A perspective on gear history
This is a rather compact summary of 4000 years on gears and geared devices. The purpose is to try and put some historical facts into context and perspective. It is by no means a complete list or a thorough study.
A true revolution: the invention of the wheel
This can be perhaps compared only to the discovery of fire, agriculture or stone tools. The wheel was a stroke of genius, probably invented as we enter the bronze-age, followed by the iron-age, some thousands of years before Christ. To think about this, we first have to forget about the internet, our iPhone and the rapid development of technology. Today we still use wheels everywhere, unlike some new technology which becomes a museum item a few years later. It is not a primitive invention, but rather a breakthrough in the history of mankind. The wheel is the gear's grandfather.

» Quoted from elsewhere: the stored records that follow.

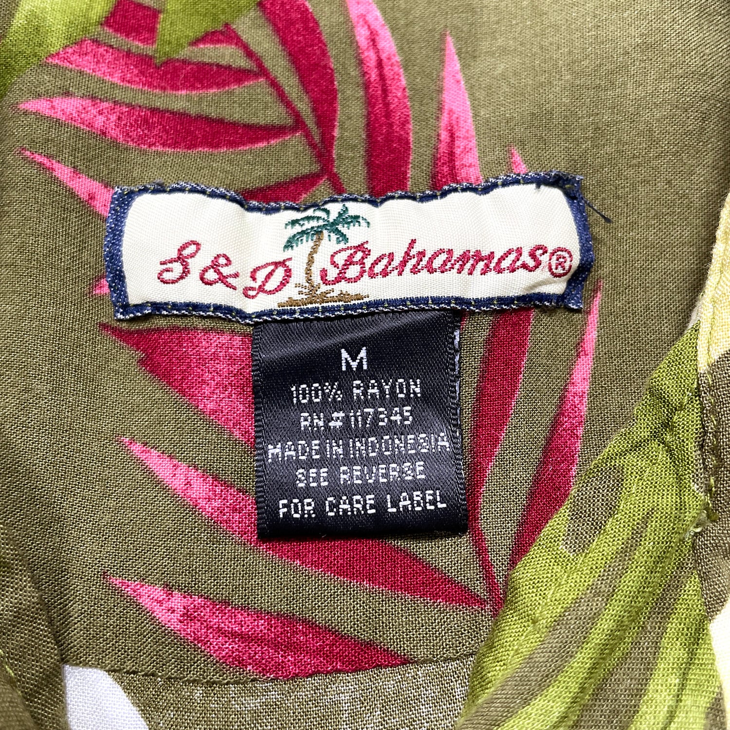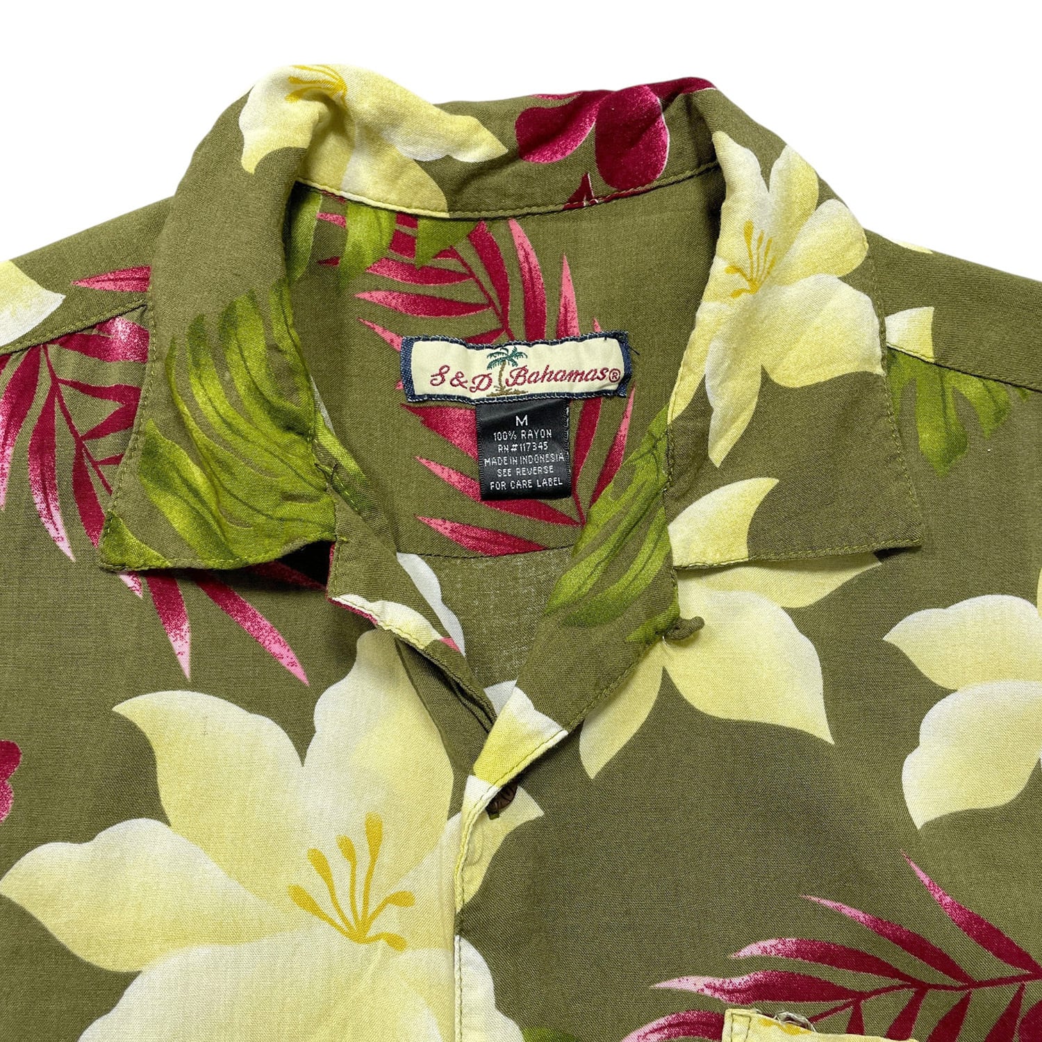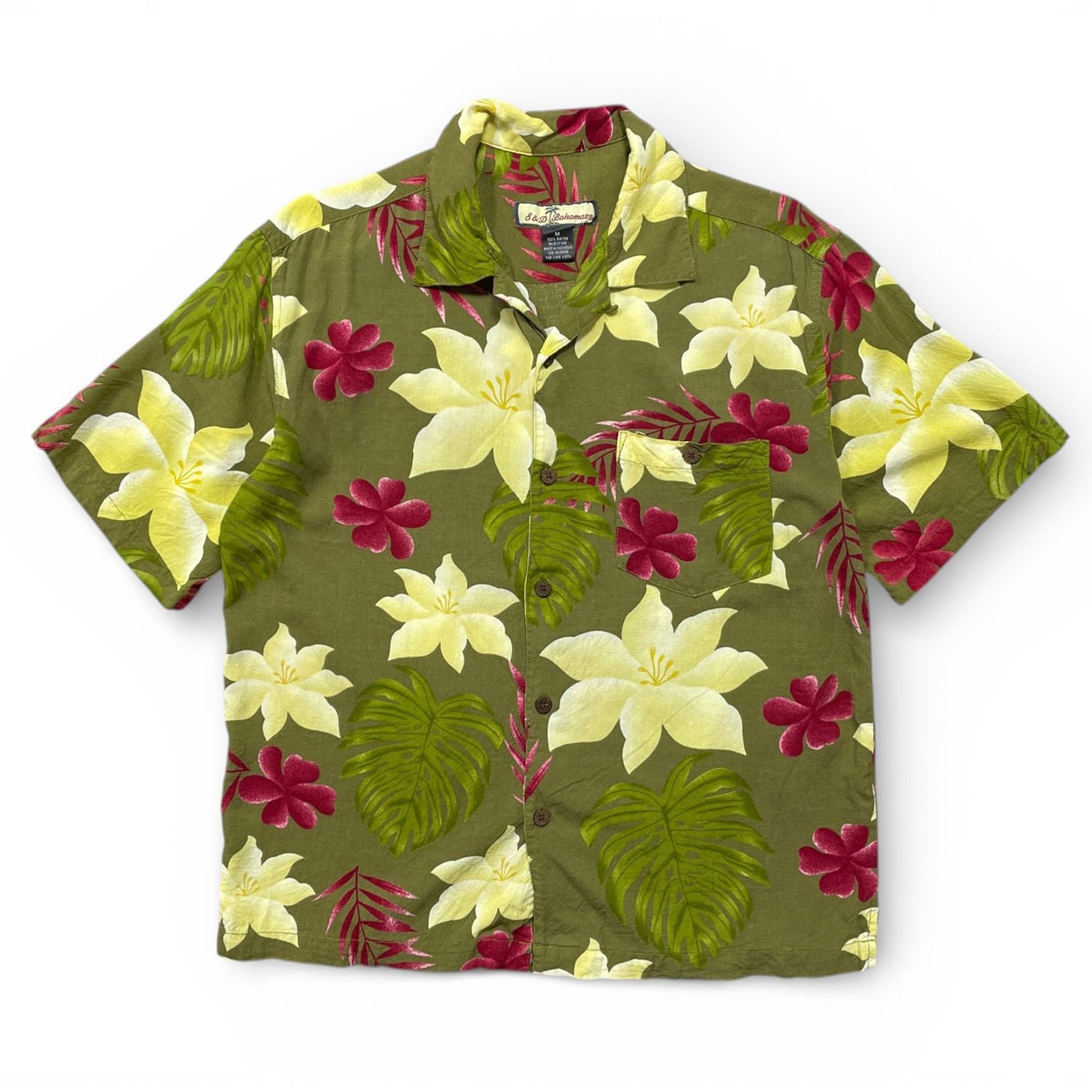 USA 古着 S&D Bahamas S&Dバハマ レーヨン 開襟 アロハシャツ ハワイアンシャツ 花柄 モンステラ柄 メンズM オリーブ BF3902
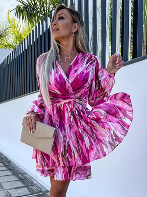 Bedrucktes kurzes Kleid mit Surplice-Ausschnitt Gürtel und Laternenärmeln Minikleider & Damenmode > Kleider > Blumenkleid
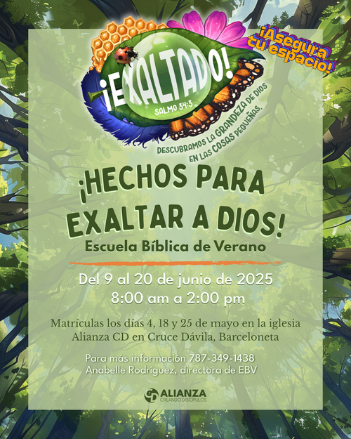 Edades de 6 a 12 años. Matrículas los días 4, 18 y 25 de mayo en la iglesia comenzando a las 10:00 am. ¡Asegura tu espacio!
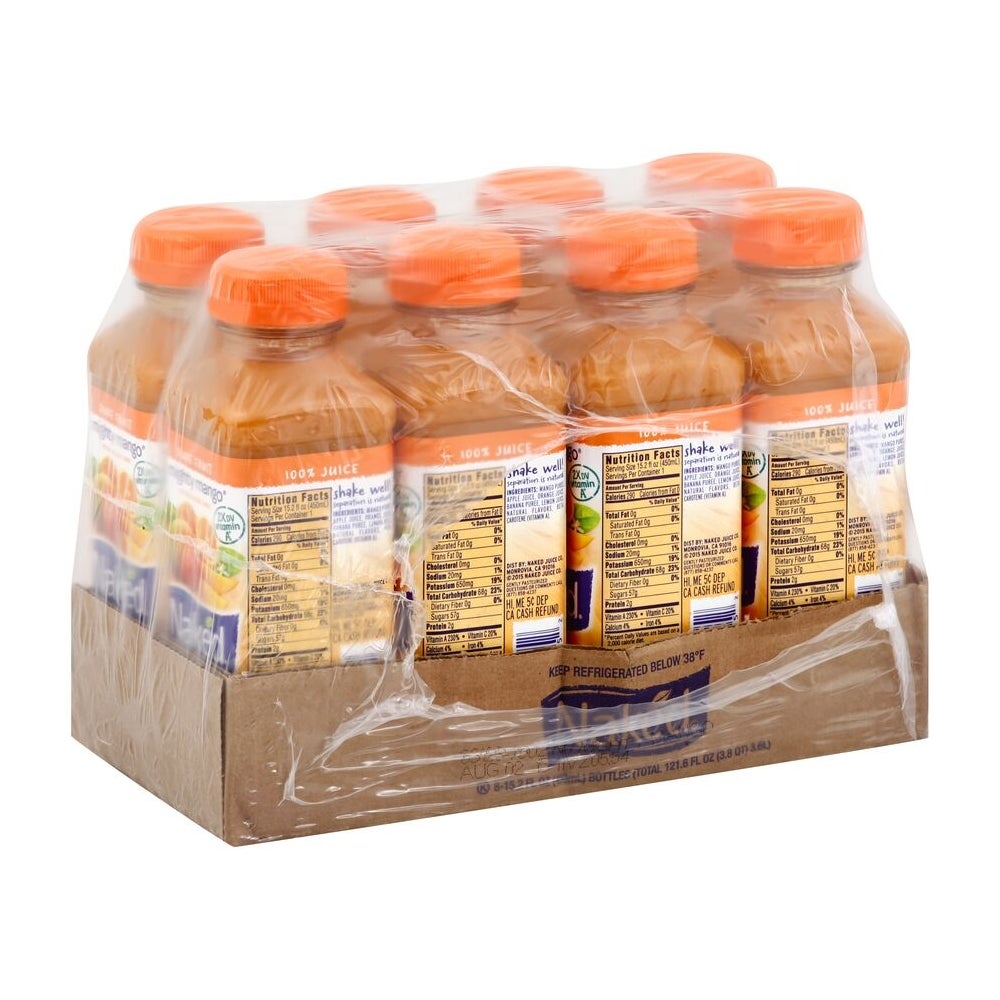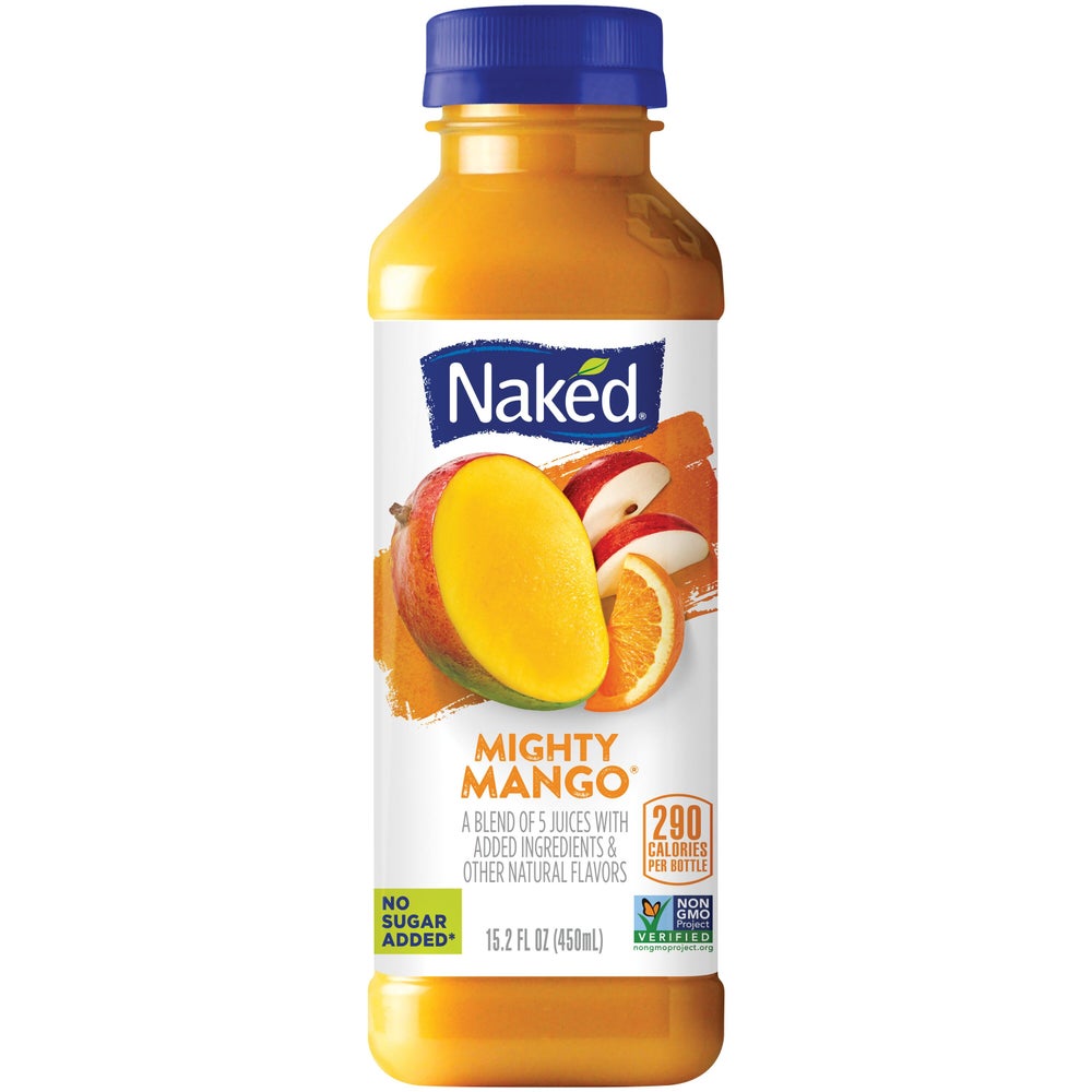 Naked Juice No Sugar Added Mighty Mango Juice Smoothie, 100% Juice, Refrigerated, Single-Serve, 15.2 Fl Oz Bottle, 8/Case
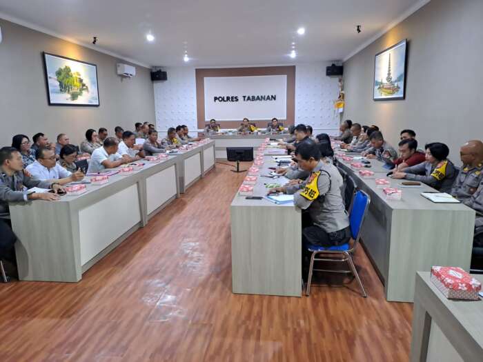 Bertempat di ruang Vicon Sarja Arya Racana, Sabtu ( 19/8/2023 ) pukul 09.00 s/d 14.50 Wita berlangsung Anev Bulanan Situasi Kamtibmas Polres Tabanan yang dipimpin oleh Kapolres Tabanan AKBP Leo Dedy Defretes, S.H., S.I.K., M.H.

An application: water well
This goes now towards the direction of using large (wooden) gears. Water can be raised mechanically by using a drum wheel or a set of gears. This is still far away from the Antikythera Mechanism, since in a water well, gears are purely transmitting power. As we know, the Antikythera Mechanism's gears are elegant and designed to make calculations.
A device ahead of its time: the Antikythera Mechanism
A clockwork astronomical calculator of ingenious design and unprecedented accuracy, built over two millennia ago. The first computer. Hard to believe, but true. It makes use of at least 40 cooperating gears in order to make astronomical calculations. It also informs about important agricultural & religious events, as well as the Olympic games. It came with a user manual too! The design makes use of the lunar epicyclic theory, approximates its elliptical motion out of eccentric gears, uses epicyclic gears and coaxial shafts with differential gearing. It is impressively compact, having gears with teeth down to a millimeter.
A mechanical calculator: the Stepped Reckoner
This mechanical calculator was invented by Gottfried Wilhelm Leibniz around 1670. It was the first calculator that could perform all four arithmetic operations: addition, subtraction, multiplication and division. It is based on a "Leibniz wheel" or stepped drum: a cylinder with a set of teeth of incremental lengths, coupled to a counting wheel which was free to move up and down its length. Hence, the counting wheel can mesh with any number of teeth. The idea was used for the next three centuries.
A pioneering design: the Analytical Engine
Although never actually built to the end, Charles Babbage first proposed in 1837 a mechanical device which includes all of the elements of a modern computer: an arithmetic logic unit, control flow in the form of conditional branching and loops, and integrated memory. It is the first design of a general-purpose computer with a logical structure, essentially the same as that which has dominated computer design in the electronic era.
An ingenious mechanical calculator: the Curta
A small mechanical calculator developed by Curt Herzstark. Its design builds upon the ideas of Gottfried Leibniz's Stepped Reckoner and Charles Thomas' Arithmometer. It accumulates values on cogs, which are operated by a stepped drum mechanism. It has an extremely clever and compact design. It was the best portable calculator available, before being displaced by electronic calculators in the 1970s.
An eternal timepiece: the Antikythera Sunmoon
The Antikythera Mechanism will always fascinate and inspire mankind. In 2013, Hublot created this timepiece, with a solar and lunar calendar, as well as a representation of the sidereal position of the sun and the moon. Tolerances down to a micron were necessary in this demanding project.
An evolutionary remark on scales
As a first example, we saw the water well, with meter-sized gears. A couple of thousand years later, the Antikythera Mechanism appears, with elaborate millimeter-sized gears. Compared to this, only recently have we been able to go to the next level-down in size, with modern wrist watches being an example. In fact, astronomical devices from the middle ages had the size of a sofa! It is not an overstatement to say that the Antikythera Mechanism was out of place and time. We are forced to rethink our previous understanding of ancient technology.